* WORK TASK
Return all lines of the records that contain the word "like".

* STUDY MATERIAL
::::

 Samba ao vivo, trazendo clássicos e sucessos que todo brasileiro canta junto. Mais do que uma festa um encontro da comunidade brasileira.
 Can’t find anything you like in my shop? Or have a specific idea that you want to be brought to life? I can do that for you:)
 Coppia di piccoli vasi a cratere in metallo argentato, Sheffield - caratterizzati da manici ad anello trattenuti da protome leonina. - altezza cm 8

::::

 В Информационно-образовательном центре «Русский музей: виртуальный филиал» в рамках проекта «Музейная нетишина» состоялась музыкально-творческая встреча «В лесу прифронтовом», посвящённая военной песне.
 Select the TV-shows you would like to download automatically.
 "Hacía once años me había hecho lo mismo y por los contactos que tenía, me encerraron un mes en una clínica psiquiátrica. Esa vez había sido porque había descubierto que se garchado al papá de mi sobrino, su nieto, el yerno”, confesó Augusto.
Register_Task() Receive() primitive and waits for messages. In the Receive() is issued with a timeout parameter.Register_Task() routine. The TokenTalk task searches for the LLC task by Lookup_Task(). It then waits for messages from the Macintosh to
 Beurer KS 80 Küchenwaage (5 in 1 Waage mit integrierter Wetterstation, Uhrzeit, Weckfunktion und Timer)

::::

* TASK RESPONSE
 Can’t find anything you like in my shop? Or have a specific idea that you want to be brought to life? I can do that for you:)
 Select the TV-shows you would like to download automatically.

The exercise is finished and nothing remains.